Researchers at the Bristol Heart Institute have found evidence that in some cases, heart cells have developed a ‘coping mechanism’ when the heart is subjected to erratic periods with low levels of oxygen. The cells appear to have developed the ability to shift their metabolic activity towards the anaerobic in order to manage the decreased oxygen level more effectively. This has been termed ‘ischaemic pre-conditioning’ and Chase believes that this increased hardiness of the cells may be the key to protecting the heart against reperfusion injury during coronary bypass surgery.
Heart cells have developed a 'coping mechanism'
During heart surgery the heart is deliberately stopped so that it is not beating while the surgeon operates. The blood, which would ordinarily have passed through the heart, passes instead through an external pump. During this process the heart undergoes a period of oxygen deprivation which can result in damage to the heart muscle. The problem is compounded when circulation is restored, since the sudden influx of oxygen and nutrients can cause inflammation and oxidative damage to the tissue. Rather than restoring normal function, the heart can be weakened even further. It appears, however, that in those patients with CHD, ischaemic pre-conditioning allows heart cells to maintain a level of activity that minimises the chances of being overwhelmed when normal blood flow is restored.
This state of pre-conditioning was discovered by Chase when attempting to develop a suitable model of coronary heart disease. Previous models have all been based on healthy rat models and therefore the effects seen when stopping and restarting these hearts does not accurately reflect those experienced by diseased hearts in situ. The question posed by Chase was therefore ‘Are diseased hearts different?’. The answer came from another type of rodent, the ‘apolipoprotein E knockout’ mouse, which has been genetically engineered to be the perfect model for atherosclerosis – the progressive narrowing and hardening of arteries. Providing it with a high-fat diet causes human-like atherosclerotic lesions and plaques.
Two sets of mice were fed for 24 weeks on either a high-fat or a normal diet. After the 24 weeks had elapsed, the coronary arteries and heart tissue of those on the high fat diet showed evidence of blocked coronary arteries and the heart muscle showed signs of infarction – death/loss of cellular structure. Knowing these mice were suitable models for CHD, Chase excised their hearts and put them through a Langendorff heart preparation – a system designed to study coronary flow during cardiac activity. Both groups were exposed to 35 minutes of ischaemia followed by 45 minutes of reperfusion. The results were fascinating – the diseased hearts showed a 100 per cent recovery, whereas the normal hearts showed about 30 per cent recovery.
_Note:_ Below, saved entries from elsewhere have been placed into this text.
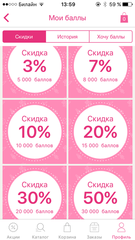 Там система такая, что баллы начисляются даже просто за посещение сайта, потом за заказы в зависимости от суммы заказа. И потом в зависимости от количества баллов, можно выбрать скидку. Если более менее часто заказывать, то не 10 лет копить)))
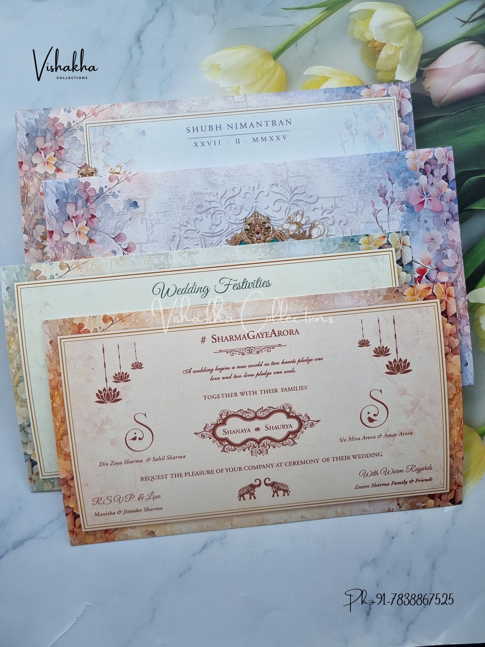 Vishakha Collections presents you beautiful luxury wedding invitation cards with all latest designs and the latest variety. Its just not a wedding invitation card but a beautiful feeling of love and relationship it carries for you. Beautifully printed and packed with a bundle of love. if you like it, dont think again, just go for it.If you are worrying about the quality of the product, send your doubts to us. We are here to help you. If you want in wholesale or bulk, dont forget to contact us.
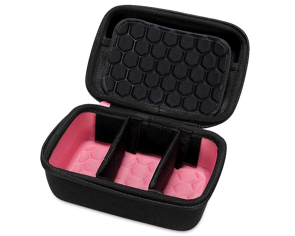 - Innenmaterial: Jersey-Futter (Deckel Schwarz, Boden Pink)
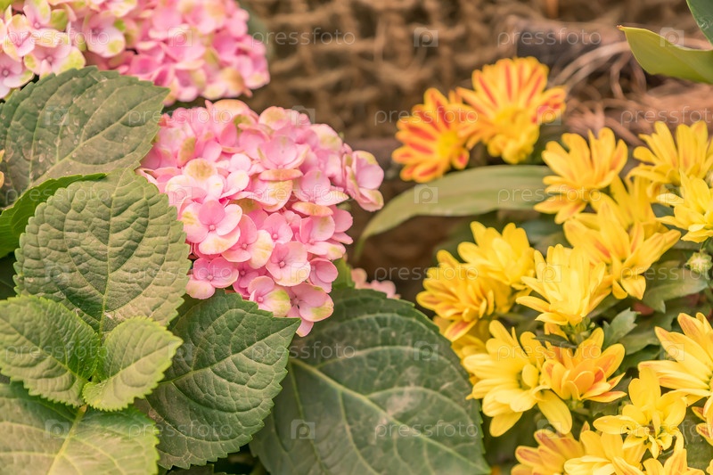 Красивые цветущие розовые цветы гортензии на фоне ажурных шнуров с копией пространства
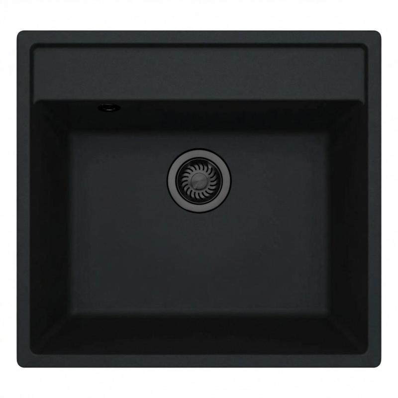 GraniteMy Bremen Granite Sink 53x50 cm Black – Top Mount, Undermount and Flush Mount with Faucet Hole Bank and Gun Metal Plug 1208969971
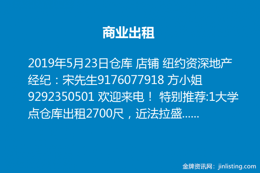 商业出租!仓库 店铺 纽约资深地产经纪:宋先生9176077918 方小姐9292350501 欢迎来电! “纽约资深地产经纪:宋先生9176077918 方小姐9292350501 欢迎来电! 特别推荐: 1大学点仓库出租2700尺,近法拉盛 租金6000 2.大学点28Ave/119街独立仓库出租,面积3000尺,二楼办公室1000尺,高23尺,租金$7500欢迎合作! 3大学点仓库 20 Ave 3800尺,18尺高,7个车位 租金7500 4大学仓库 20 Ave 一楼3800尺,二楼2500尺办公室 租金12000 5.布鲁克林278公路旁边修车行出租,地面一万尺,室内1500尺,租金15000含地税,以上欢迎合作! .”

The diseased heart showed a 100 per cent recovery
But why was this the case? What is it about a diseased heart that gives it such strength under such strenuous conditions? Analysis of the diseased and healthy hearts revealed that metabolites such as adenosine triphosphate (ATP) and glycogen were reduced in the diseased heart, and lactate was at a higher level than that of a healthy one, giving rise to the pre-conditioned state that allows a CHD heart to cope better with ischaemic insults. Cellular damage was also noticeably different in diseased versus healthy hearts. When heart cell membranes become damaged, an enzyme called creatine kinase leaks out of the cells themselves. The extent of the damage can be determined by measuring the levels of this enzyme – the more creatine kinase you have, the more damage there is. Unsurprisingly, then, Chase found more creatine kinase in the normal hearts (low recovery) compared with diseased hearts (100 per cent recovery).
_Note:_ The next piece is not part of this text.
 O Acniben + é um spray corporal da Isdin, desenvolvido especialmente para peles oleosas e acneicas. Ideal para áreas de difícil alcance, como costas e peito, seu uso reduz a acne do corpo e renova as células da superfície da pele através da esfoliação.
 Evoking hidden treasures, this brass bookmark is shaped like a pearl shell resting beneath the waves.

Protecting the heart from reperfusion injury is an ongoing field of research and Chase is hoping these new findings can help move the field on. As she explained: “Ischaemic and reperfusion injury occurs in any type of operation that requires a motionless, bloodless heart. So while this includes bypass surgery for coronary heart disease, it also includes valve replacements, arterial defect repair and aneurysm repair. In children too there are tons of congenital heart diseases, so although these diseases don't require bypass surgery as such, they can still suffer from ischaemic or reperfusion injury.”
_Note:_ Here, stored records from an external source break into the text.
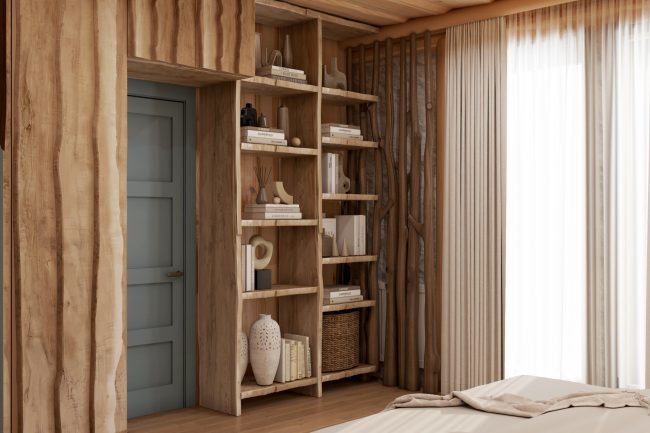 Дизайн спальні та кабінету у стилі соснового зрубу створює атмосферу затишку та гармонії з природою. Використання натуральних матеріалів, таких як деревина, штукатурка мазанка та глиняні глеки, робить інтер’єр теплим та екологічним. Плетені килими з народними мотивами та каміни типу буржуйка додають інтер’єру унікальності та підкреслюють стиль зрубу.
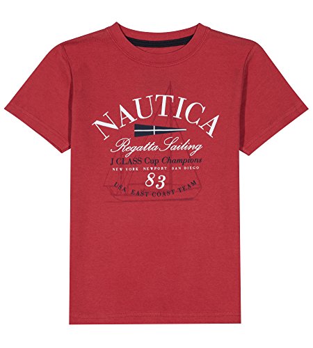 Nautica Boys’ Little Short Sleeve Sailing Graphic T-Shirt, Roan Ruby, 7
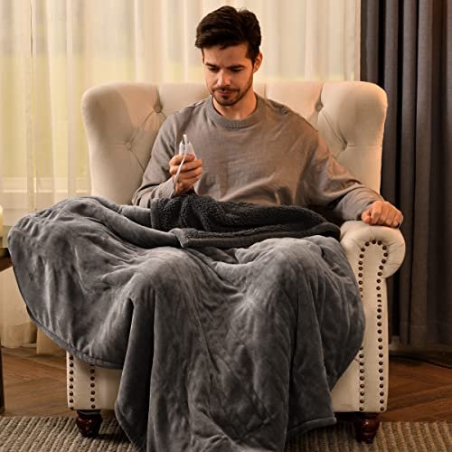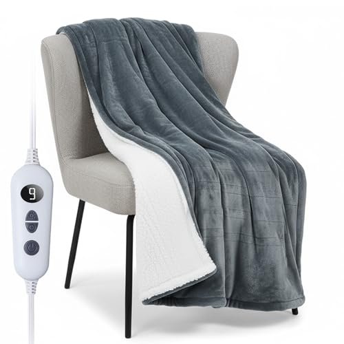 HOMLYNS LuxeHeat Heated Blanket Throw. Soft Flannel Sherpa. Electric Blanket 5 Heat Settings. Fast Heating. Heating Throw Blanket 3 Hours Timer Auto Shut Off. Machine Washable. 50×60 Inches. Grey
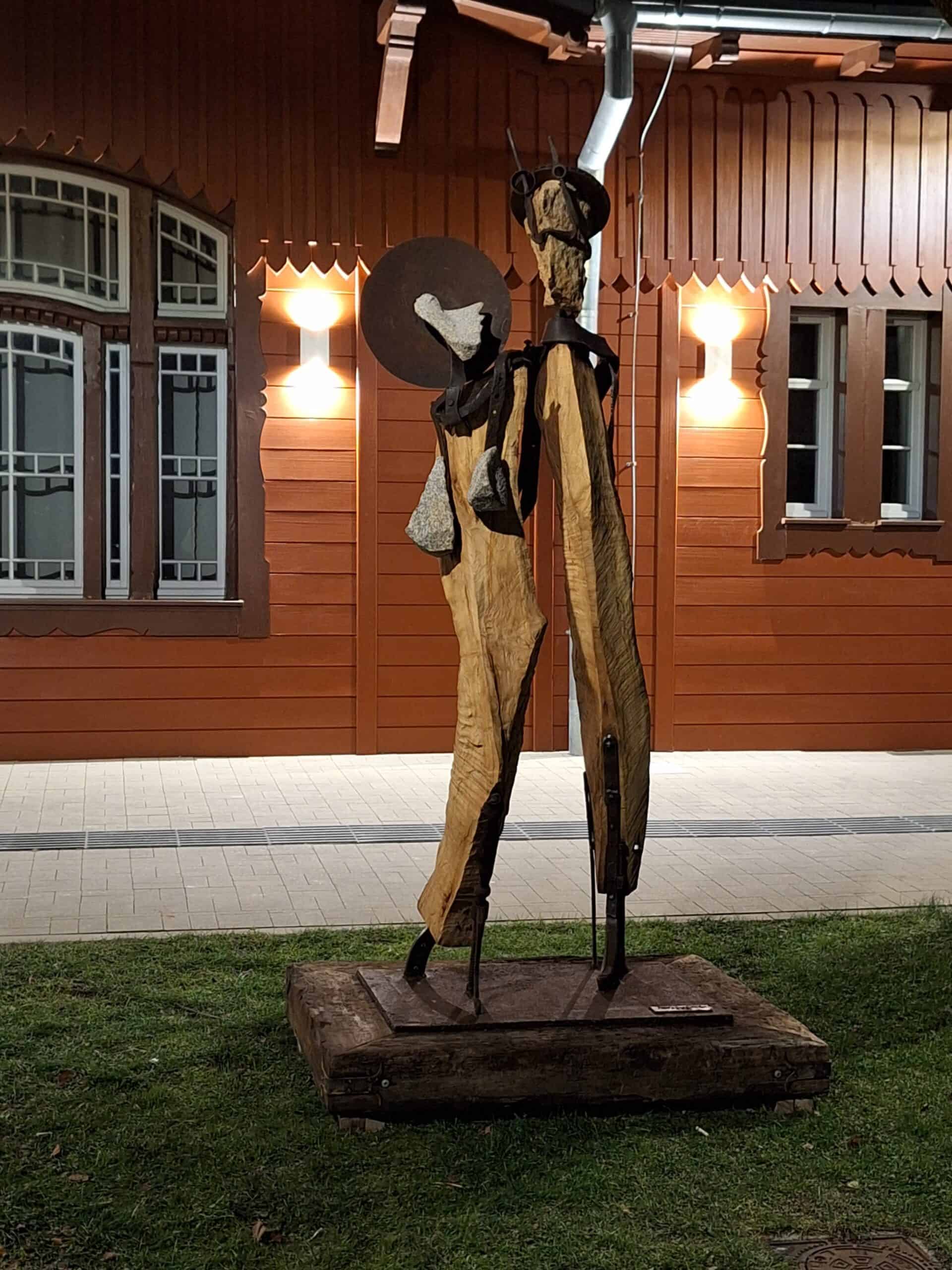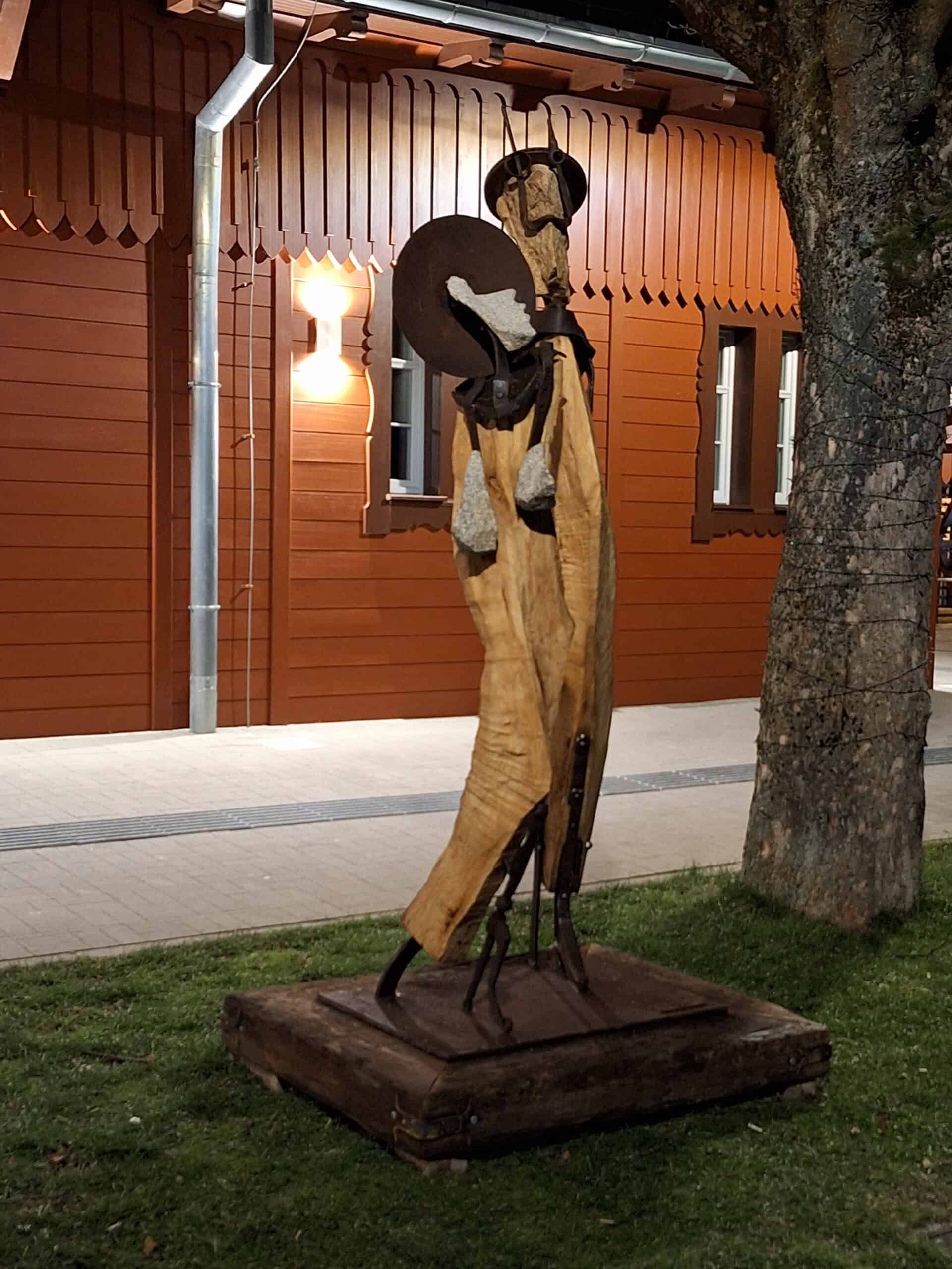 format – wysokość 250 cm technika własna- drewno jesionowe, kamień, metal

Current cardio-protective techniques are largely based on preserving metabolites – preserving ATP, preserving glycogen and reducing lactate formation. This always seemed like the obvious thing to do. However, what Chase’s research shows is that low levels of ATP and glycogen, and high levels of lactate, are actually beneficial and can help to protect the heart. From this point of view, it may be that the cardio-protective solutions we currently use are ineffective or inappropriate and require something of a rethink.
This work by Anabelle Chase, a postgraduate student at the Bristol Heart Institute, formed the basis of her PhD. It was funded by the British Heart Foundation. Anabelle won the first prize for best oral presentation at this year’s Joint Faculties’ Postgraduate Symposium.